COLLECTED MATERIAL:
↓

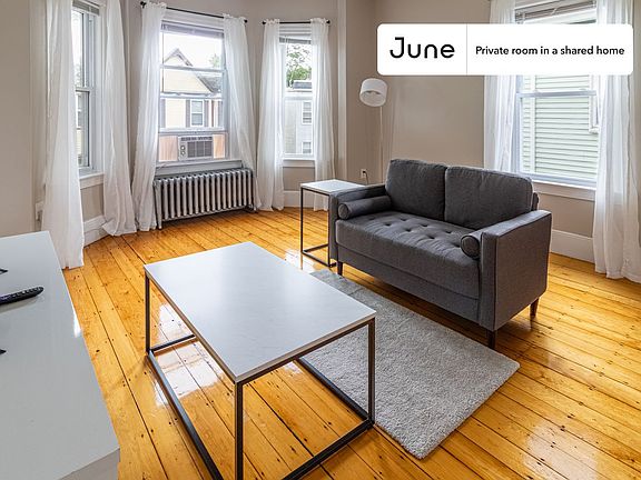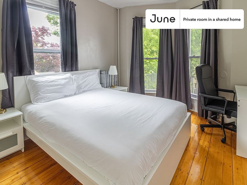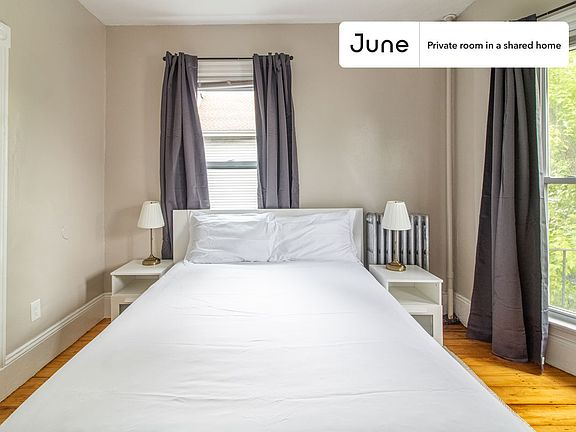 This Queen room in Roxbury is available on a 12 month lease or a flexible short term (31 to 364 days) lease. You pick your custom start and end date. Monthly rent rate is determined by furnishing preference, move-in date and move-out date. Speak to a June representative for recommendations on the best stay duration for the lowest rate.
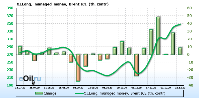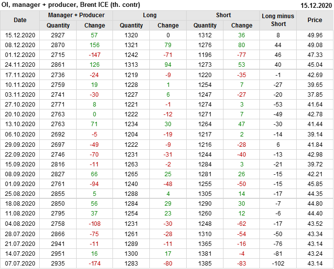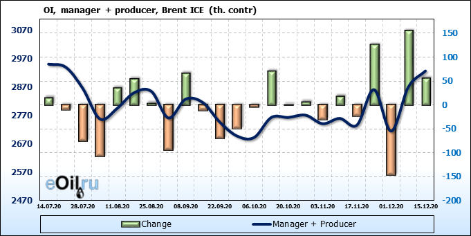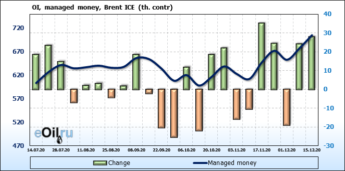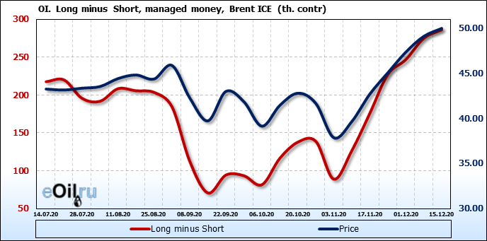 За прошлую неделю, 09.12.20 — 15.12.20, разница между длинными и короткими позициями управляющих выросла на 11 тыс. контрактов. В тоже время, цена выросла на 0.88 доллара. Управляющие наращивают позиции, разгоняя тем самым рост цен, что говорит нам о текущей силе рынка.
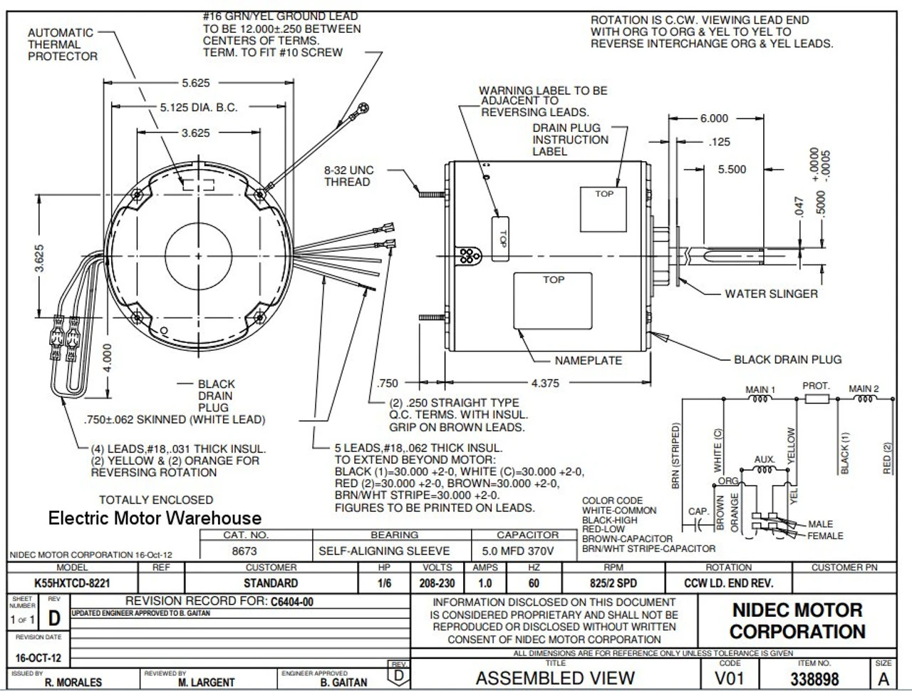Permanent Split Capacitor Motor. Automatic Overload Protection. Continuous Duty; Totally Enclosed Air Over Enclosure; Class B Insulation; 60C Ambient Temperature; 30″ Leads, K055TCD8221012B
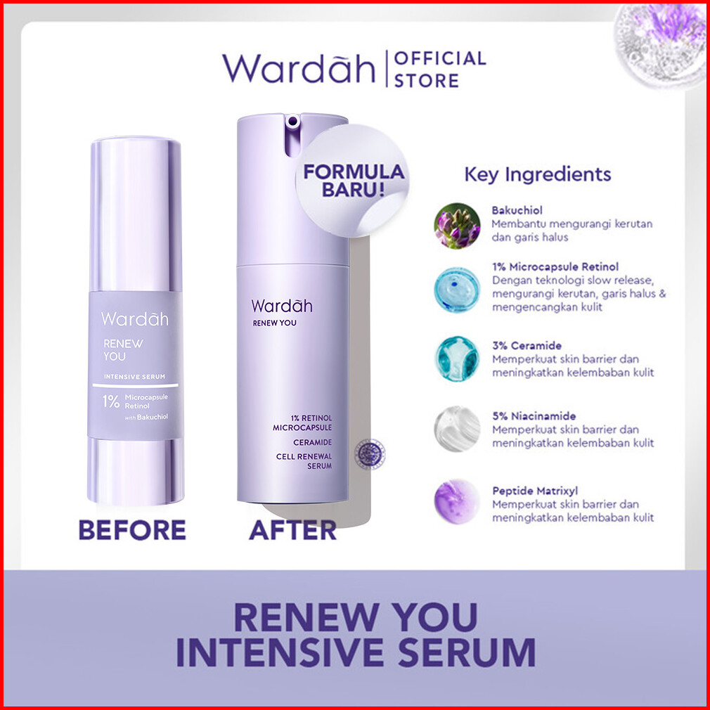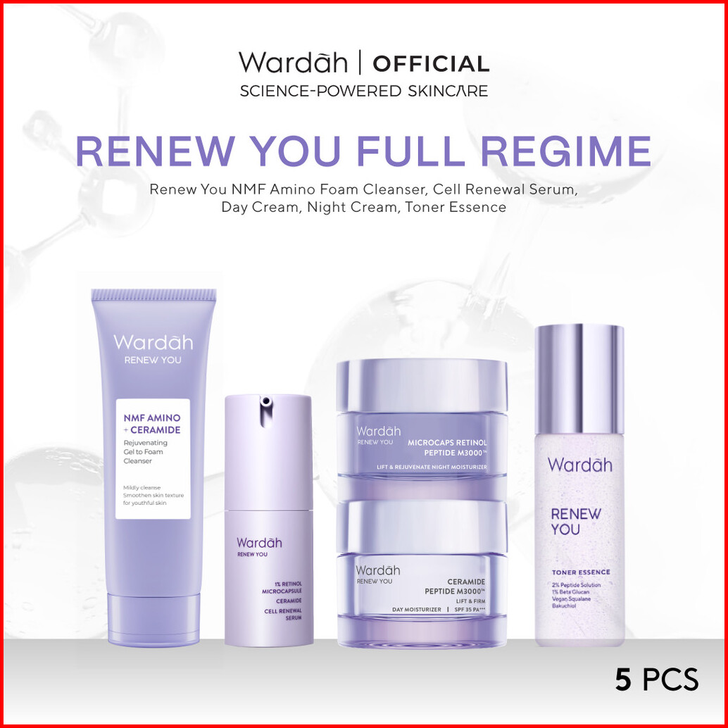 Wardah Renew You Paket Lengkap Full Regime Serum Night Cream Essence Toner Day Cream Facial Wash Moisturizer - Skincare

↑

EXERCISE BRIEF:
Full transcription of the material, exact in every line, without images.

YOUR SOLUTION:
 This Queen room in Roxbury is available on a 12 month lease or a flexible short term (31 to 364 days) lease. You pick your custom start and end date. Monthly rent rate is determined by furnishing preference, move-in date and move-out date. Speak to a June representative for recommendations on the best stay duration for the lowest rate.
 За прошлую неделю, 09.12.20 — 15.12.20, разница между длинными и короткими позициями управляющих выросла на 11 тыс. контрактов. В тоже время, цена выросла на 0.88 доллара. Управляющие наращивают позиции, разгоняя тем самым рост цен, что говорит нам о текущей силе рынка.
Permanent Split Capacitor Motor. Automatic Overload Protection. Continuous Duty; Totally Enclosed Air Over Enclosure; Class B Insulation; 60C Ambient Temperature; 30″ Leads, K055TCD8221012B
 Wardah Renew You Paket Lengkap Full Regime Serum Night Cream Essence Toner Day Cream Facial Wash Moisturizer - Skincare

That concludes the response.